A Drop of the Hard Stuff: A Matthew Scudder Novel
She killed herself in that apartment, shot herself with a gun Tommy had given her. She called me first, and I got there too late, but in plenty of time to commit a felony of my own, and so arranged things that Tommy Tillary, who’d gotten away with killing his wife, wound up going to prison for killing his girlfriend.
I thought about all of this, and while I was thinking I was getting dressed—undershorts, shirt, pants, socks, shoes. I grabbed a jacket and went out of my room and down to the street. I turned right and walked to the corner and turned right again.
I got as far as the Pioneer—or Piomeer, as you prefer. The dingy little market was still open, and so of course was the ginmill next door to it. I could go in and belly up to the bar, and the fellow standing behind it would probably be able to answer the question I’d come to ask him.
And who could say what else I might ask?

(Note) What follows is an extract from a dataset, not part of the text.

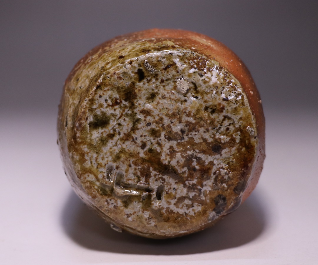 よく溶けてガラス質になった自然釉による琥珀のような窯変が展開されています。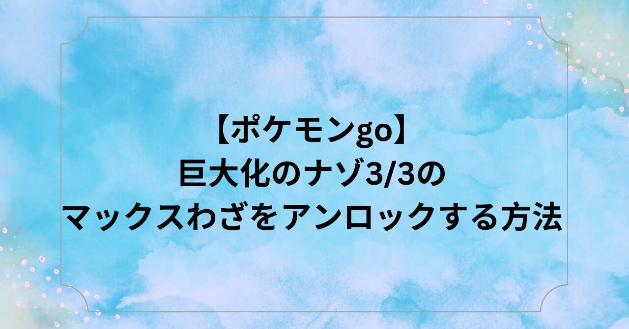 今回は、【ポケモンgo】巨大化のナゾ3/3のマックスわざをアンロックする方法についてまとめました。

Whatever it was, he’d have the answer.
XLI
BUT I TURNED around and went home instead. It was late enough for the newsstand at the corner of Eighth and Fifty-seventh to have the early edition of the Times, but when I got to my hotel I let my feet do the smart thing for a change and take me inside. I went upstairs and got undressed again and pulled the chair over to the window and sat for a little while looking at nothing in particular.
I’d headed for Armstrong’s because I had a question to ask. And I’d turned back because I’d just spent a day that had put me physically closer to a drink than I’d been in the past year, and I was one day away from the one-year anniversary of my last drink. I didn’t want a drink now, I didn’t feel like drinking, but enough had sunk in during the previous 364 days to make me realize just how vulnerable I was and just how dangerous that room was for me now.
Oh, I could have called someone, some sober friend to keep me company while I asked my question. But I didn’t have to do that either. I could just go home and get to bed. My question would still be there in the morning.
I didn’t know if I’d be able to sleep. I got in bed, turned off the light, stretched out on the unfamiliar mattress, settled my head on the unfamiliar pillow.
The next thing I knew it was morning.
The first thing I did after breakfast was call Dennis Redmond. I got him at the station house, and he was on his way out when I reached him. I told him I was pretty sure I had something. He said, “On Ellery? Because it’s gonna take a lot to make Stillman look like anything but suicide.”
“Try G. Decker Raines,” I said. “And Marcy Cantwell.”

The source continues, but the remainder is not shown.